To better understand these poorly characterized or unknown complexes, the University of Washington and UT Southwestern teams worked with colleagues around the world who were already studying these or similar proteins. By combining the 3D models the scientists in the current study had generated with information from collaborators, the teams were able to gain new insights into protein complexes involved in maintenance and processing of genetic information, cellular construction and transport systems, metabolism, DNA repair, and other areas. They also identified roles for proteins whose functions were previously unknown based on their newly identified interactions with other well-characterized proteins.
“The work described in our new paper sets the stage for similar studies of the human interactome and could eventually help in developing new treatments for human disease,” Dr. Cong added.
Dr. Cong noted that the predicted protein complex structures generated in this study are available to download from ModelArchive.
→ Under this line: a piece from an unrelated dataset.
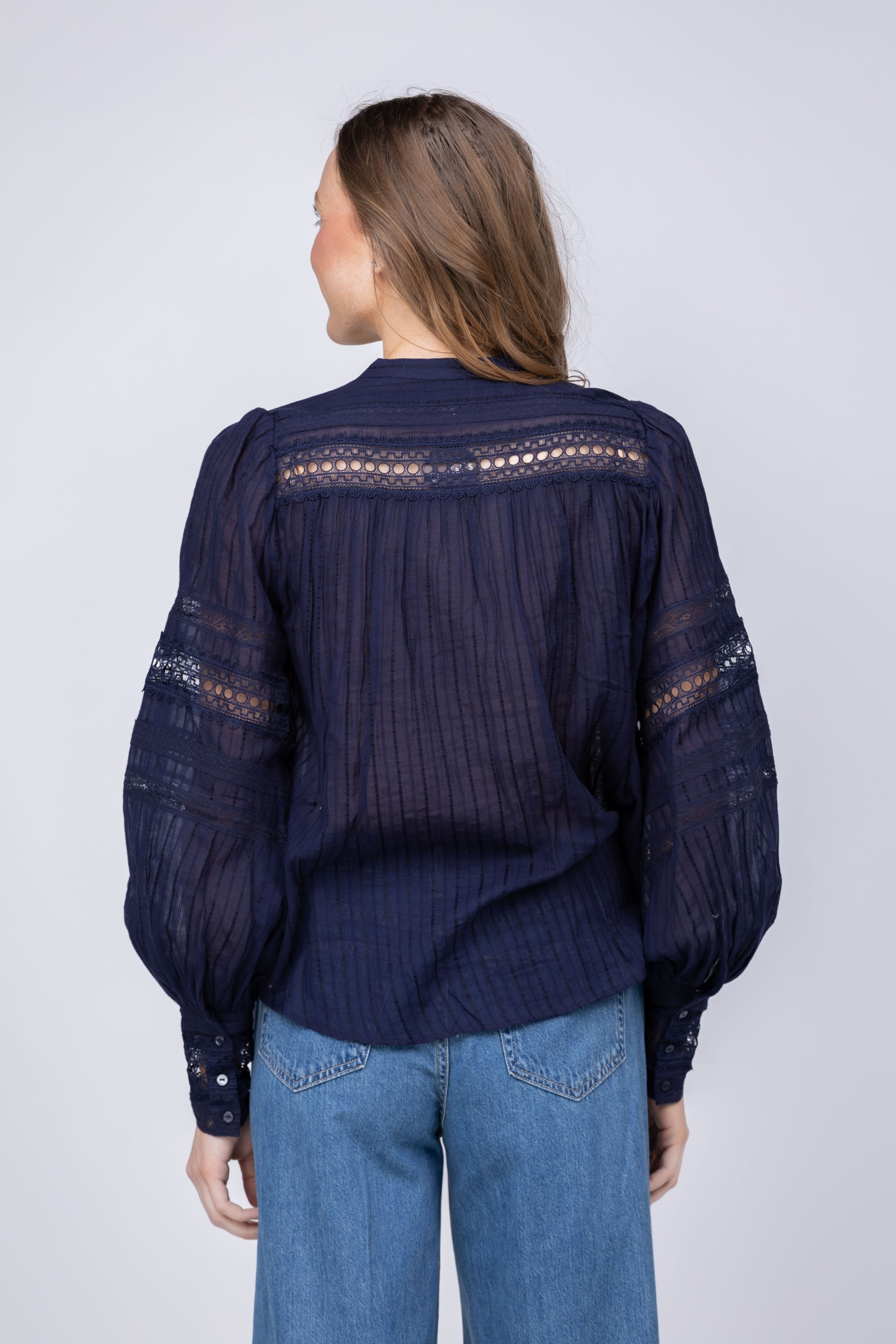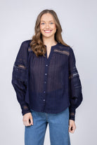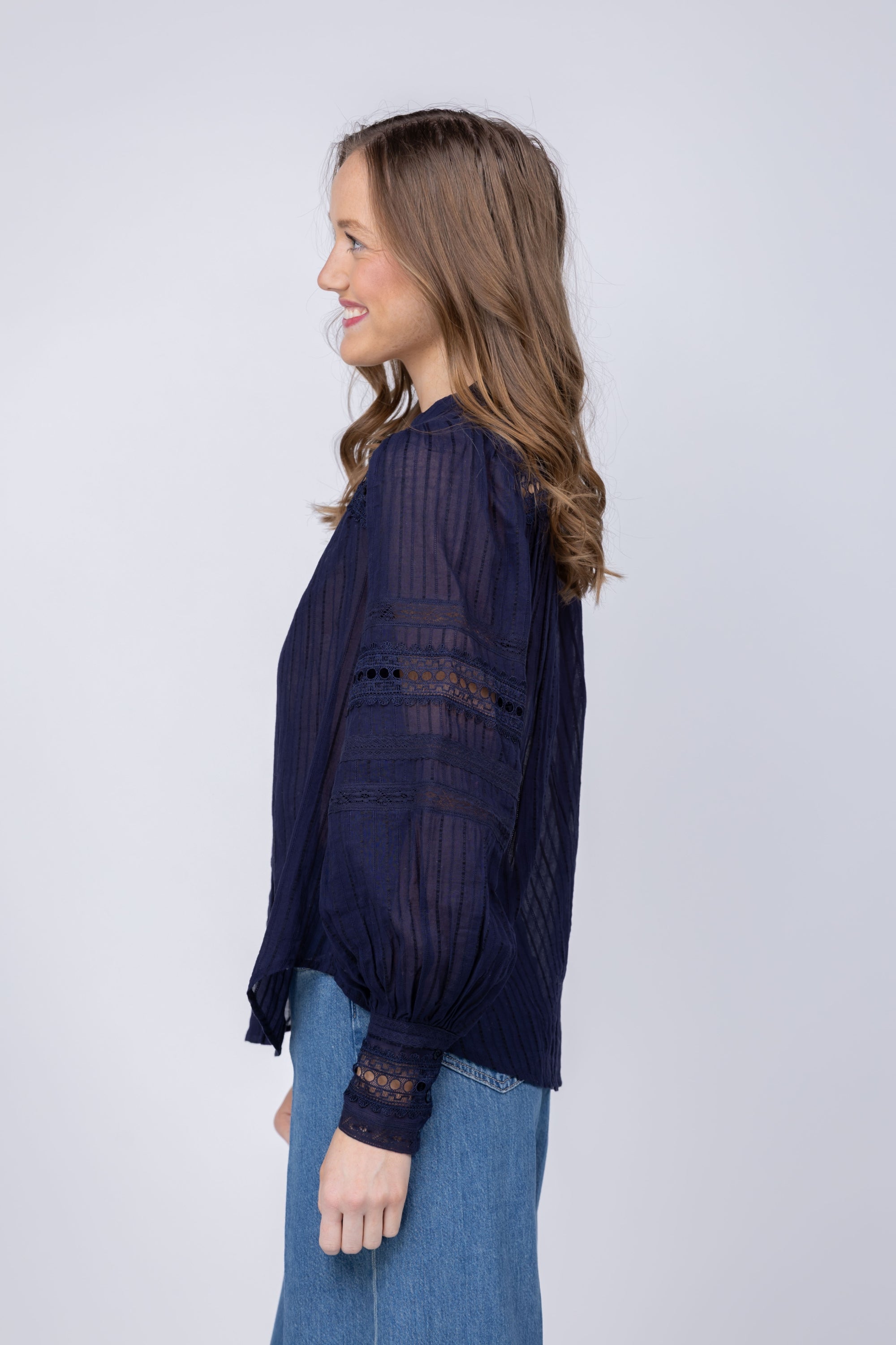 Embrace your romantic side with the L'AGENCE Kiera Trim Blouse, a bestselling style that effortlessly captures bohemian elegance. Crafted from semi-sheer cotton-blend jacquard, this midnight navy beauty features delicate geometric trim and graceful blouson sleeves that create an airy, flattering silhouette. Button closures add timeless sophistication. Perfect for layering or wearing solo, the Kiera transforms any occasion into an opportunity to express your most enchanting self.

These structures and others generated using this technology in future studies will be a rich source of research questions for years to come, she said.
Reference: “Computed structures of core eukaryotic protein complexes” by Ian R. Humphreys, Jimin Pei, Minkyung Baek, Aditya Krishnakumar, Ivan Anishchenko, Sergey Ovchinnikov, Jing Zhang, Travis J. Ness, Sudeep Banjade, Saket R. Bagde, Viktoriya G. Stancheva, Xiao-Han Li, Kaixian Liu, Zhi Zheng, Daniel J. Barrero, Upasana Roy, Jochen Kuper, Israel S. Fernández, Barnabas Szakal, Dana Branzei, Josep Rizo, Caroline Kisker, Eric C. Greene, Sue Biggins, Scott Keeney, Elizabeth A. Miller, J. Christopher Fromme, Tamara L. Hendrickson, Qian Cong and David Baker, 11 November 2021, Science.
Dr. Cong is a Southwestern Medical Foundation Scholar in Biomedical Research. Other UTSW researchers who contributed to this study include Jing Zhang and Josep Rizo, Ph.D., who holds the Virginia Lazenby O’Hara Chair in Biochemistry.
Collaborating institutions include: Harvard University, Wayne State University, Cornell University, MRC Laboratory of Molecular Biology, Memorial Sloan Kettering Cancer Center, Gerstner Sloan Kettering Graduate School of Biomedical Sciences, Fred Hutchinson Cancer Research Center, Columbia University, University of Würzburg in Germany, St Jude Children’s Research Hospital, FIRC Institute of Molecular Oncology in Milan, Italy, and the National Research Council, Institute of Molecular Genetics in Rome, Italy.
This work was supported by Southwestern Medical Foundation, the Cancer Prevention and Research Institute of Texas (CPRIT) (RP210041), Amgen, Microsoft, the Washington Research Foundation, Howard Hughes Medical Institute, National Science Foundation (DBI 1937533), National Institutes of Health (R35GM118026, R01CA221858, R35GM136258, R21AI156595), UK Medical Research Council (MRC_UP_1201/10), HHMI Gilliam Fellowship, the Deutsche Forschungsgemeinschaft (KI-562/11-1, KI-562/7-1), AIRC investigator and the European Research Council Consolidator (IG23710 and 682190), Defense Threat Reduction Agency (HDTRA1-21-1-0007), and the National Energy Research Scientific Computing Center.